The Deaf Strong Hospital Program: A Model of Diversity and Inclusion Training for First-Year Medical Students
Published Date:Nov 2012
Source:Acad Med. 87(11):1496-1500.
Health Services Needs And Demand
School Admission Criteria
Pubmed Central ID:PMC3704166
Funding:1 K01 HL103173-01/HL/NHLBI NIH HHS/United States
2T32HL793711/HL/NHLBI NIH HHS/United States
K01 HL103173/HL/NHLBI NIH HHS/United States
T32 HL007937/HL/NHLBI NIH HHS/United States
U48DP001910/DP/NCCDPHP CDC HHS/United States
Description:Recent research indicates that the cultural competence training students receive during medical school might not adequately address the issues that arise when caring for patients of different cultures. Because of their unique communication, linguistic, and cultural issues, incorporating deaf people who use sign language into cultural competence education at medical schools might help to bridge this gap in cross-cultural education.
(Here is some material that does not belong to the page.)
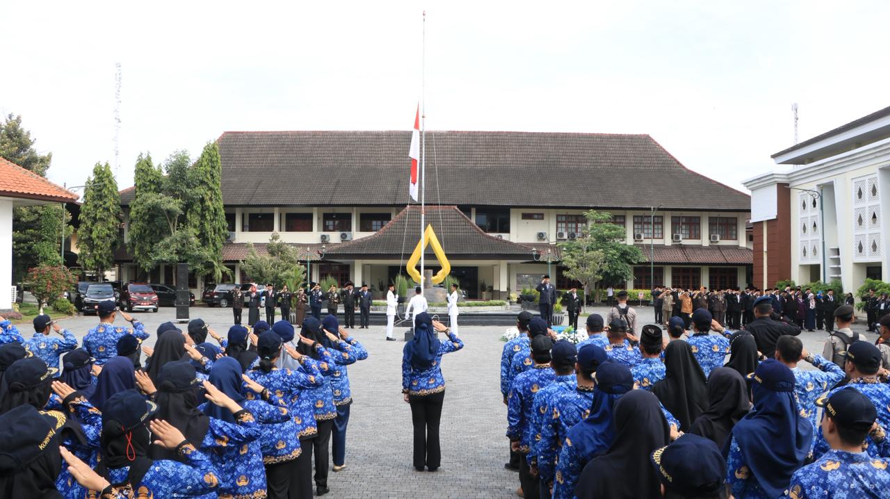 Bertindak selaku inspektur upacara Bupati Kulon Progo Agung Setyawan dan dihadiri oleh jajaran Forkopimda Kabupaten Kulon Progo,Kepala OPD,TNI/POLRI,Linmas dan Pelajar.

The Deaf Strong Hospital (DSH) program at the University of Rochester School of Medicine and Dentistry, started in 1998, exposes first-year medical students to the issues that are relevant to providing effective patient care and to establishing multicultural sensitivity early in their medical education. Because medical students better acquire cross-cultural competence through hands-on experience rather than through lectures, the DSH program, which includes a role-reversal exercise in which medical students play the role of the patients, provides such a model for other medical schools and health care training centers to use in teaching future health care providers how to address the relevant cultural, linguistic, and communication needs of both their deaf patients and their non-English-speaking patients. This article describes the DSH program curriculum, shares findings from both medical students' short-term and long-term postprogram evaluations, and provides a framework for the implementation of a broader cultural and linguistic sensitivity training program specific to working with and improving the quality of health care among deaf people.